Postoperative abscess/surgical site infection rates following colon resections were 8.8% in 2013 and 7.7% in 2018 and for rectal resections 7.7% in 2013 and 6.6% in 2018. Wound dehiscence occurred with a rate of 6.5% in 2013 and 7.0% in 2018 for colon resections and with a rate of 5.6% in 2013 and 5.6% in 2018 for rectal resections. The rate of postoperative fistula formation was 5.6% in 2013 and 5.2% in 2018 for colon resections and 5.1% in 2013 and 4.6% in 2018 for rectal resections (Fig. S1).

Indication for surgery

Concerning the primary indication (main diagnosis) for colon and rectal resections, relevant differences in AL rates could be detected. For colon resections, patients with diverticulosis showed a significantly lower than average leakage rate (4.6%, OR 0.68). For patients with Crohn’s disease, the leakage rate was above average for colon resections (6.9%, OR 1.12). Patients with colorectal cancer showed a leakage rate of 6.3% which was not significantly different from the average leakage rate for colon resections of 6.2% (OR 1.02). For rectal resections, patients with diverticulosis showed a significantly lower than average leakage rate (6.6%, OR 0.69). For patients with Crohn’s disease (14.5%, OR 1.76) and patients with colorectal cancer (10.1%, OR 1.40), the leakage rate was higher than average for rectal resections (Table 1).
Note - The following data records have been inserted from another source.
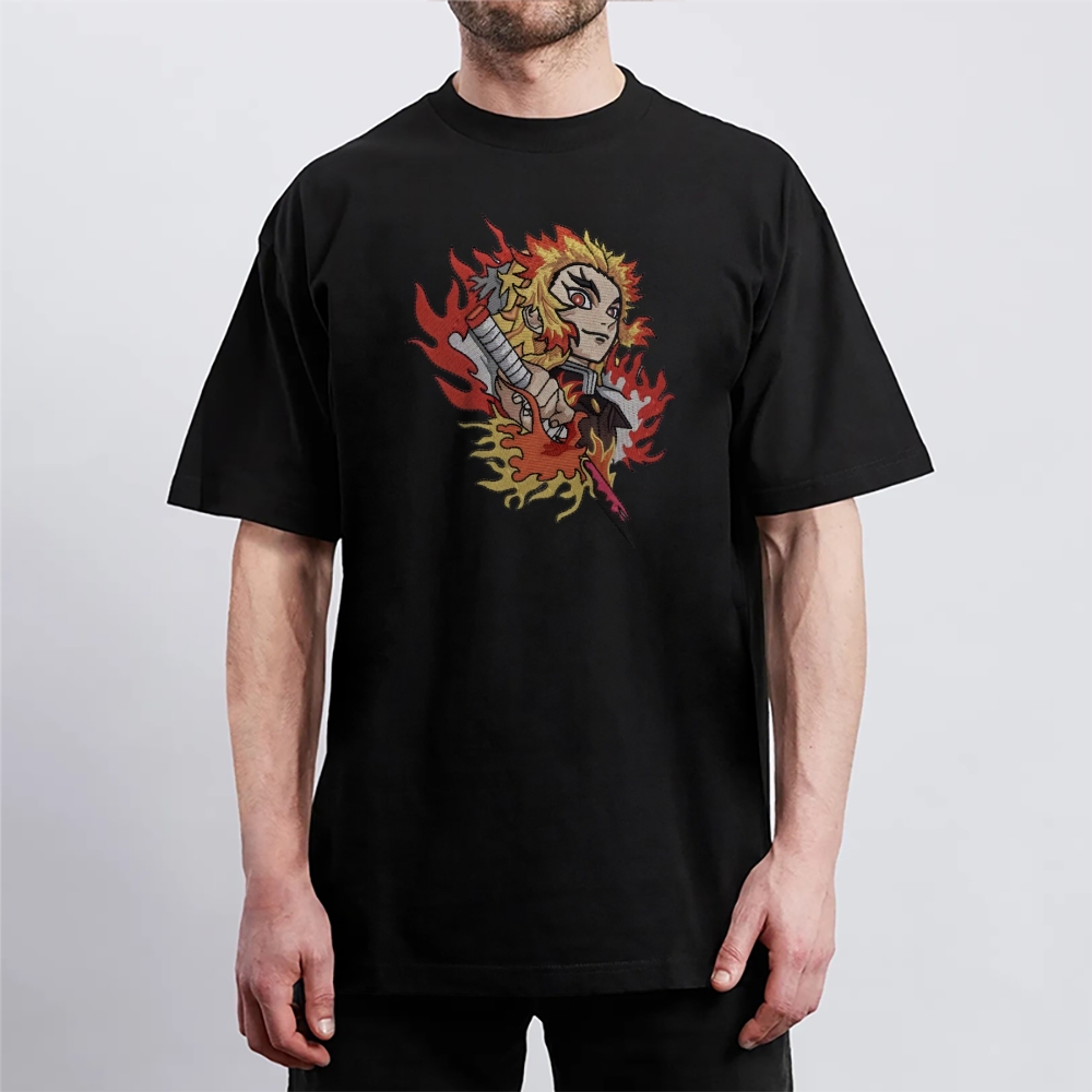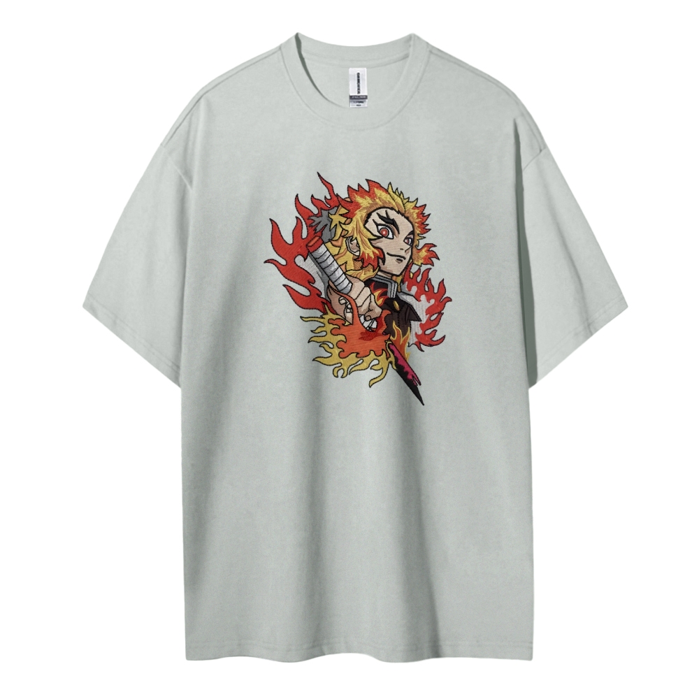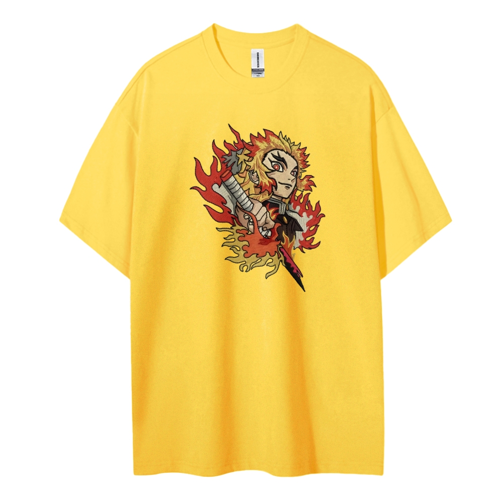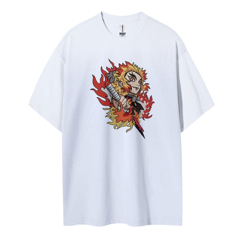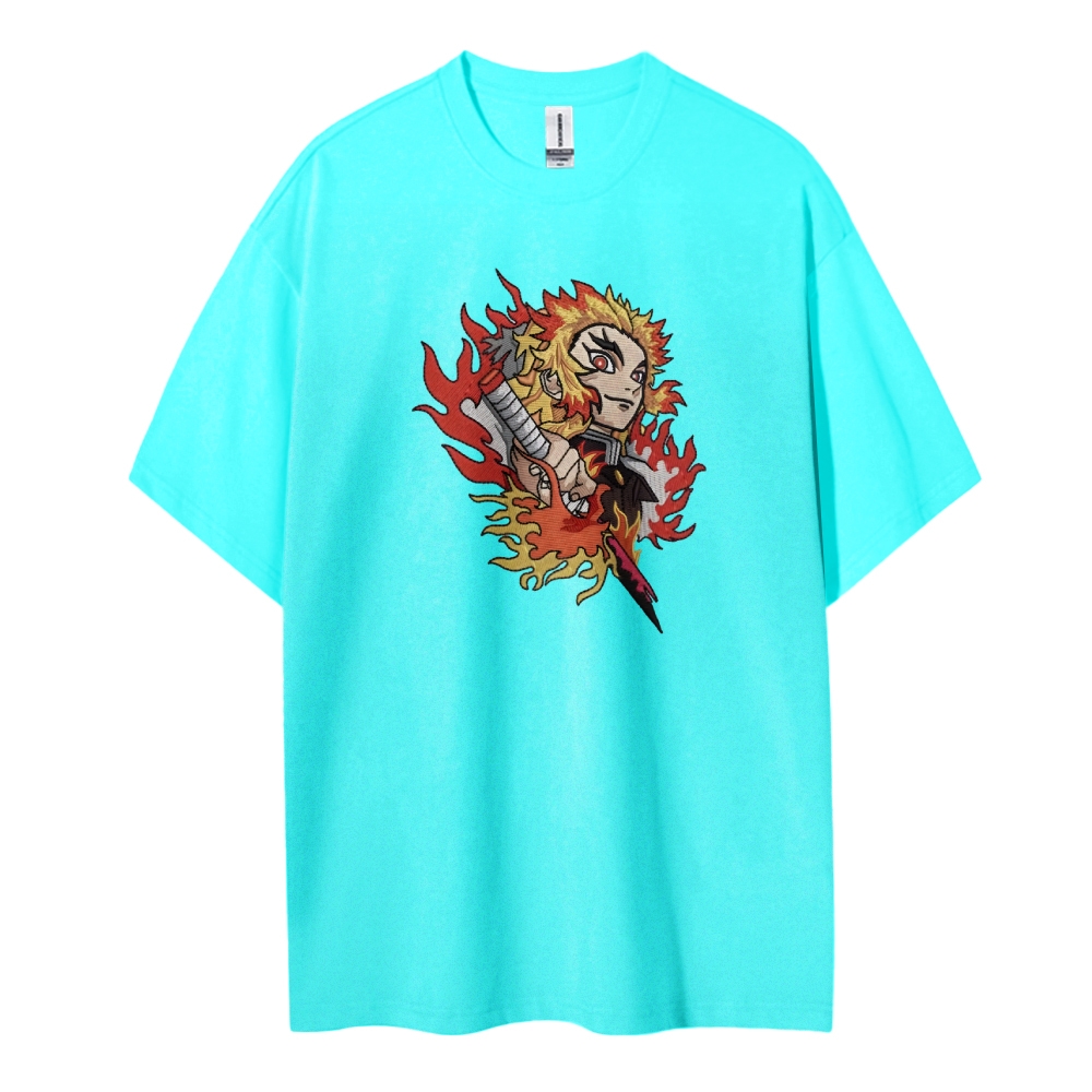 Demon Slayer embroidered pure cotton unisex round neck anime T-shirt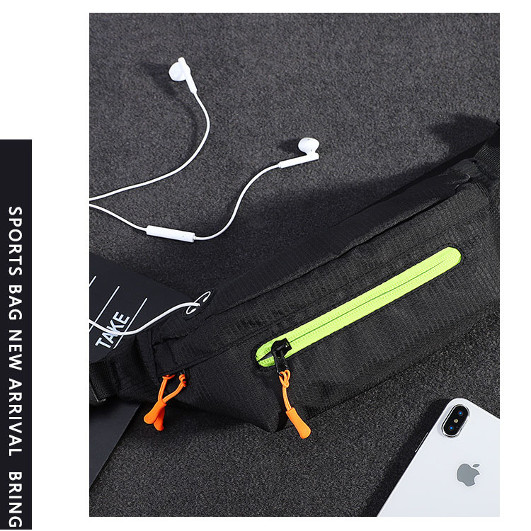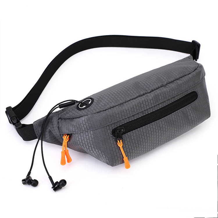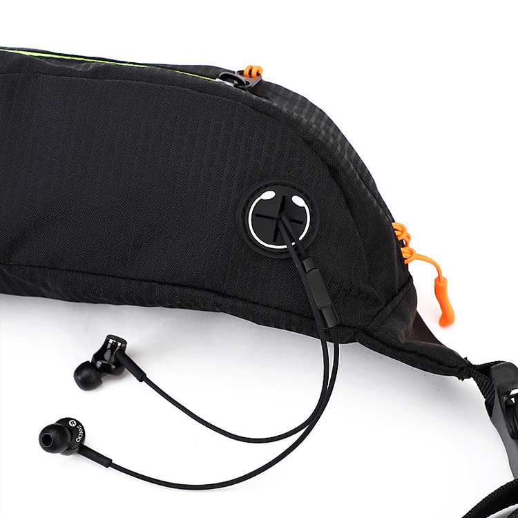 Отворен спортски водоотпорен Лесен чанта за половината. Оваа водоотпорна чанта за половината се одликува со лесен дизајн кој се вклопува блиску со практична дупка за слушалки. Специфично изработен за машки спортови на отворено, обезбедува безбедно складирање и лесен пристап до основните работи.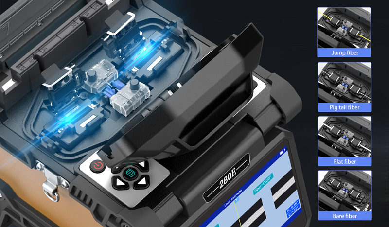 A configuração de 280e é cheia de sinceridade. O dispositivo três-em-um é compatível com uma variedade de tipos de fibras ópticas, suportando jumpers, fibras planas, caudas e fibras nuas, economizando tempo e esforço.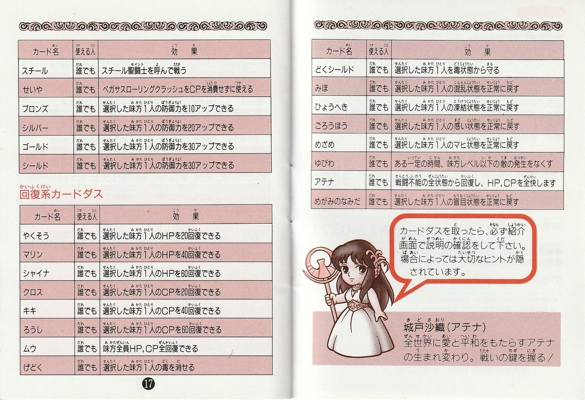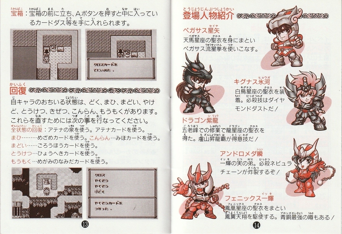 『聖闘士星矢』を原作としたRPG…に見えるが、正確に言えば『聖闘士星矢』を原作としたカードダス「セイントパラダイス」のゲーム化作品である。なので『聖闘士星矢』本編のストーリー再現度はわりと大雑把。敵のエンカウント率がアホほど高いことを除けば、まあ普通のRPGである。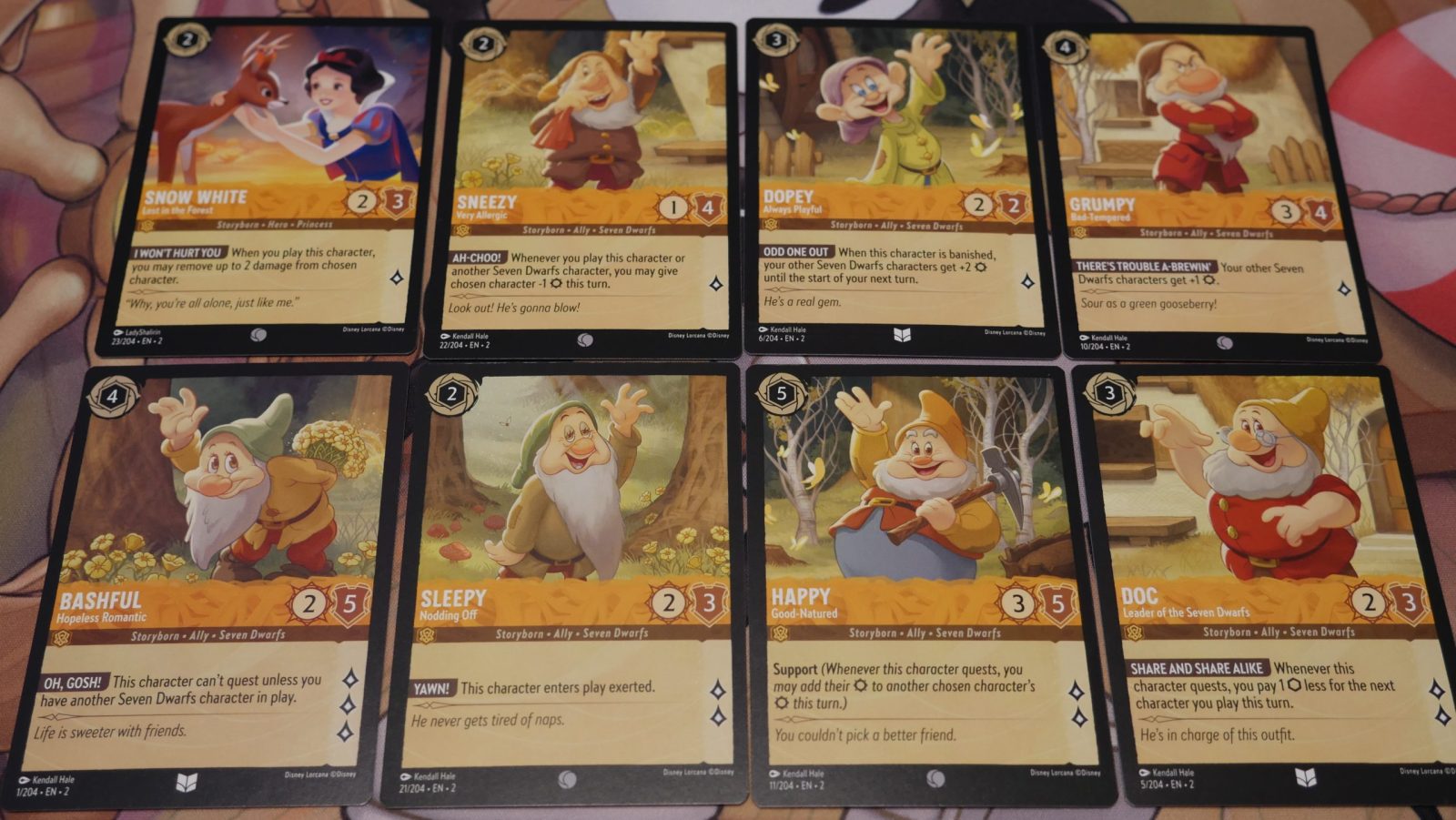 Despite the great new takes on the featured villains, the highlight of the deck for me is the inclusion of Snow White and all Seven Dwarfs. All are in their classic storyborn form and are dripping with thematic intent baked into their design. Snow White heals, while Sleepy comes into play already exhausted, and Bashful is too afraid to quest unless he has a buddy with him. The remaining Dwarfs are all similarly well designed to bring the characters to life on the table. While I’m sure we will see other Storyborn and Floodborn variants of these cards in the chapter, I really appreciate the inclusion of the classic characters to offset the new Floodborn designs. Ravensburger could have made getting a full set of Dwarfs a collectible challenge through boosters, so including all of them in the starter deck (at least 1 of each, not a “full” playset) is just really cool of them.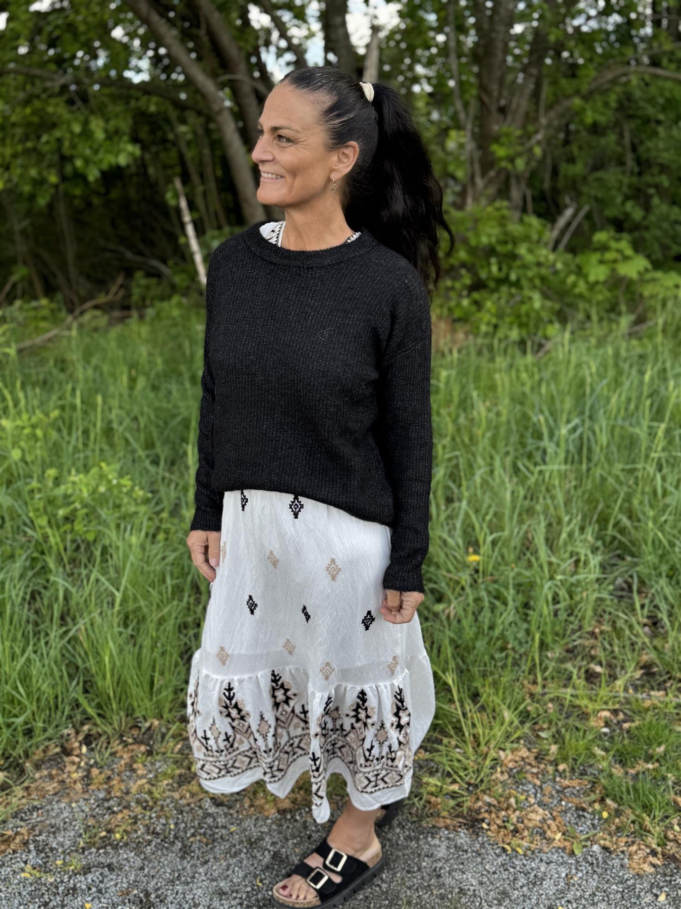 Denne kjolen blir lett din nye sommer favoritt! Laget i en lett og myk blanding av viskose og polyamid, gir den deg en behagelig og flatterende passform. Kjolen har et nydelig broderimønster foran og langs kanten nederst, som gir den et eksklusivt uttrykk – uten at det går på bekostning av komforten.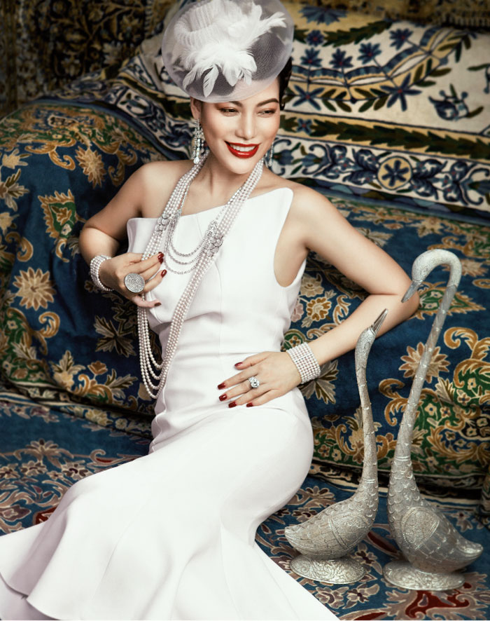 Hoa tai kim cương, vòng cổ dài kết ngọc trai đeo cùng vòng cổ kim cương, nhẫn kim cương tấm (tay phải), nhẫn kim cương 18 carat (tay trái), Damian by Mischelle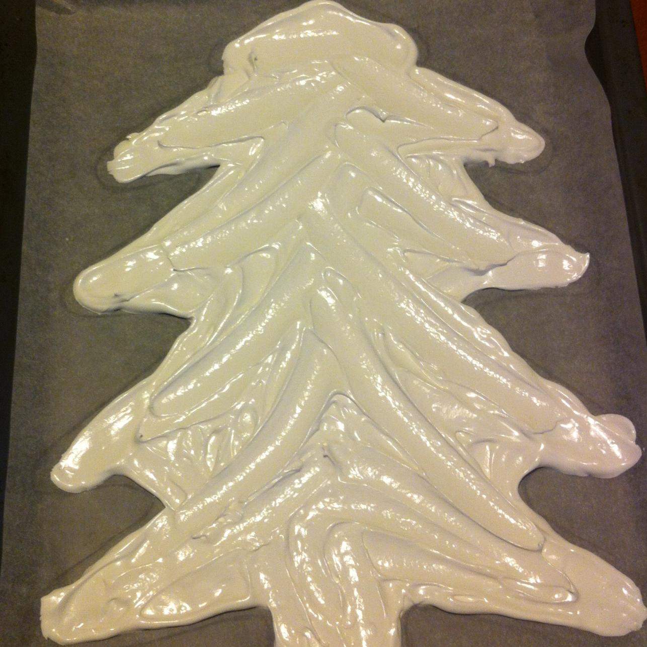Nel frattempo, con una matita, disegnare su un foglio di carta da forno, la sagoma di un albero di Natale. Capovolgere il foglio su una teglia in modo da far rimanere il tratto della matita non a contatto con l’alimento da cuocere.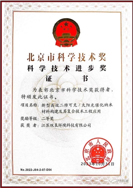 近日,江蘇雙良環(huán)境科技有限公司參與的項(xiàng)目《新型高效二維可見/光催化納米材料構(gòu)建及其復(fù)合技術(shù)工程應(yīng)用》榮獲北京市科學(xué)技術(shù)進(jìn)步獎(jiǎng)二等獎(jiǎng)。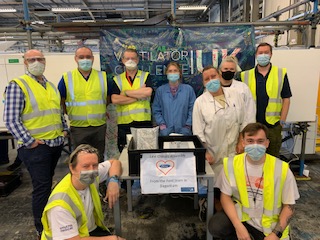 The Blue Shift station 13 team with the last ventilator assembled at Ford, Dagenham.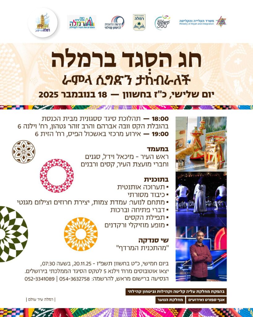 עיריית רמלה מזמינה את הציבור לחגוג את חג הסגד ביום שלישי, ה-18.11.25, באשכול הפיס בעיר. האירוע יכלול תהלוכה ססגונית מבית הכנסת ברחוב וילנה 6, בהשתתפות הקס וובה אברהם והרב זוהר גטהון, לצד רכב תהלוכה ומוזיקה חיה.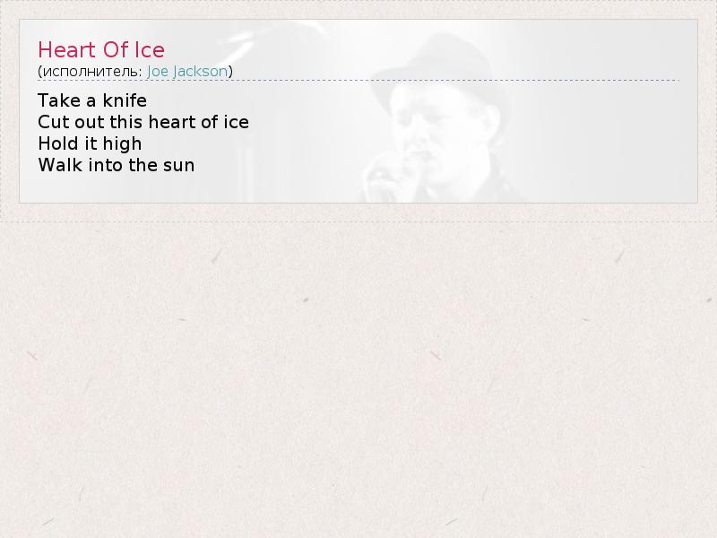 А как ты думаешь, о чем песня "Heart Of Ice" ?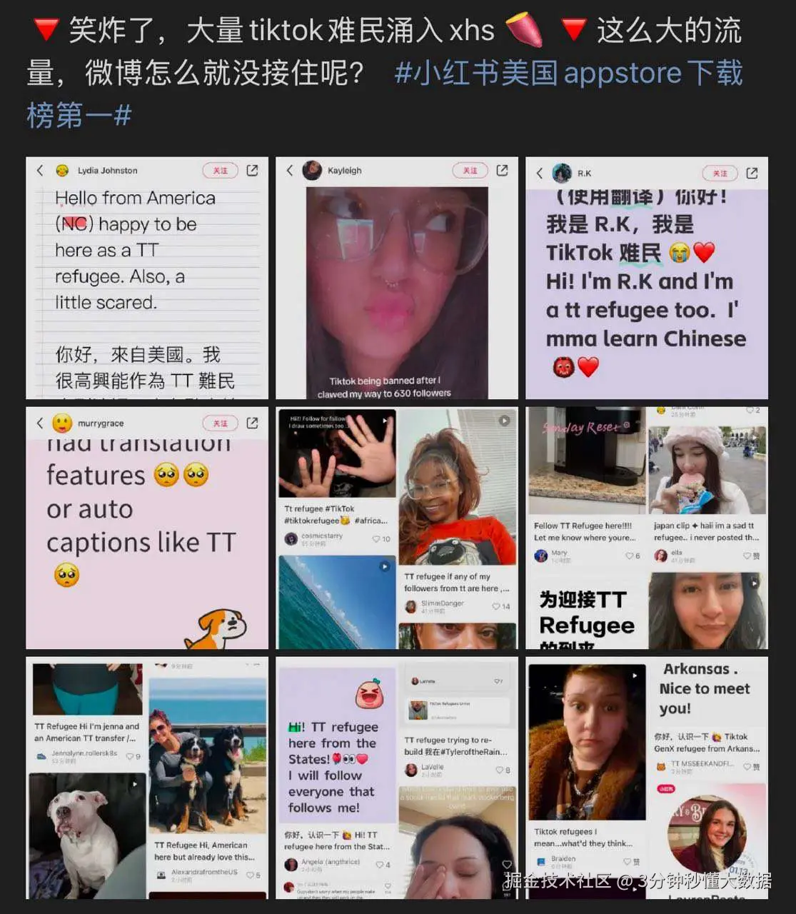由于 TikTok 在美国即将面临禁令,许多美国用户为了避免 Tiktok 被封掉导致账户无法使用,因此他们转向了其他中国社交媒体平台,如小红书, 同时自称为:TikTok Refugee ~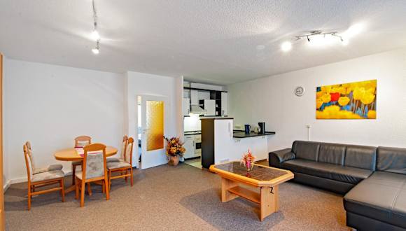 Die Ferienwohnung besteht aus einem Schlafzimmer, einem Wohnzimmer und einer voll ausgestatteten Küche mit Kühlschrank und Kaffeemaschine. Des Weiteren verfügt die Unterkunft über ein Badezimmer mit Dusche. Handtücher und Bettwäsche werden zur Verfügung gestellt.

Risk factors for anastomotic leakage

Regarding the individual risk factors for AL, patients with type 2 diabetes mellitus, obesity, cachexia, hypertension, and chronic kidney disease had significantly higher AL rates compared to cases without these secondary diagnoses (Fig. 1C, D). Leakage rates for patients with type 2 diabetes mellitus were 6.9% (colon)/10.3% (rectum), obesity 7.7%/10.9%, cachexia 11.3%/13.7%, hypertension 6.5%/9.2%, and chronic kidney disease 8.0%/11.1% (Table 1). Additionally, a significant correlation between patient age and AL could be shown (p < 0.0001). Leakage rates were highest for patients between 61 and 80 years of age (Fig. 1C, D, Table 1). Regarding gender, male patients had significantly higher leakage rates than female patients for both colon resections (male: 7.4%, female 5.2%, p < 0.0001) and rectal resections (male: 11.3%, female: 6.4%, p < 0.0001) (Fig. 1C, D). The general comorbidity was higher in patients with anastomotic leakage as evaluated with the Strausberg and weighed Elixhauser Comorbidity Scores (Table S2).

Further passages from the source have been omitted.